Globally consistent impact of tropical cyclones on the structure of tropical and subtropical forests

Tropical cyclones (TCs) are large-scale disturbances that regularly impact tropical forests. Although long-term impacts of TCs on forest structure have been proposed, a global test of the relationship between forest structure and TC frequency and intensity is lacking. We test on a pantropical scale whether TCs shape the structure of tropical and subtropical forests in the long term. We compiled forest structural features (stem density, basal area, mean canopy height and maximum tree size) for plants ≥10 cm in diameter at breast height from published forest inventory data (438 plots ≥0.1 ha, pooled into 250 1 × 1-degree grid cells) located in dry and humid forests. We computed maps of cyclone frequency and energy released by cyclones per unit area (power dissipation index, PDI) using a high-resolution historical database of TCs trajectories and intensities. We then tested the relationship between PDI and forest structural features using multivariate linear models, controlling for climate (mean annual temperature and water availability) and human disturbance (human foot print).

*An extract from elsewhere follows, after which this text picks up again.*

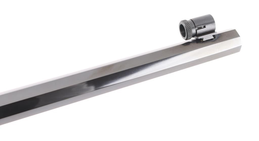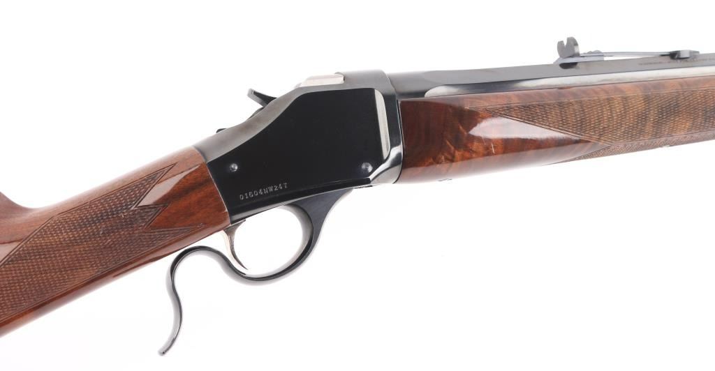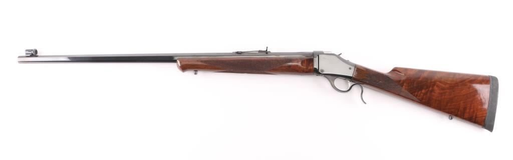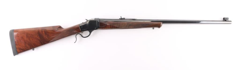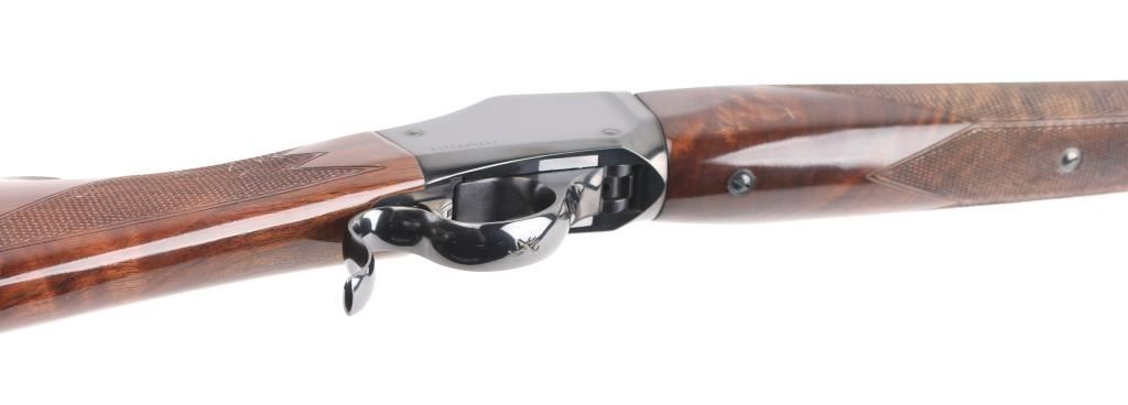 'High Wall' Single shot falling block rifle made in Japan, imported by Browning Arms Co, Morgan UT. Features blued finish, urethane finished fancy figured walnut stock & forend, straight grip, schnabel forend tip, checkered panels at wrist & forend, solid rubber recoil pad, sling studs, 28" octagonal barrel, buckhorn rear sight, hooded post front sight, exposed hammer. Selectable shell deflector behind hammer. Bore is excellent. Retains 98% blue with light scratches on receiver, handling marks. Stocks are very good with light scuffing. Condition is near NRA Excellent *** Modern Firearm ***

Forests subject to frequent cyclones (at least one TCs per decade) and high PDI exhibited higher stem density and basal area, and lower canopy heights. However, the relationships between PDI and basal area or canopy height were partially masked by lower water availability and higher human foot print in tropical dry forests. Synthesis. Our results provide the first evidence that tropical cyclones have a long-term impact on the structure of tropical and subtropical forests in a globally consistent way. The strong relationship between power dissipation index and stem density suggests that frequent and intense tropical cyclones reduce canopy cover through defoliation and tree mortality, encouraging higher regeneration and turnover of biomass. The projected increase in intensity and poleward extension of tropical cyclones due to anthropogenic climate change may therefore have important and lasting impacts on the structure and dynamics of forests in the future.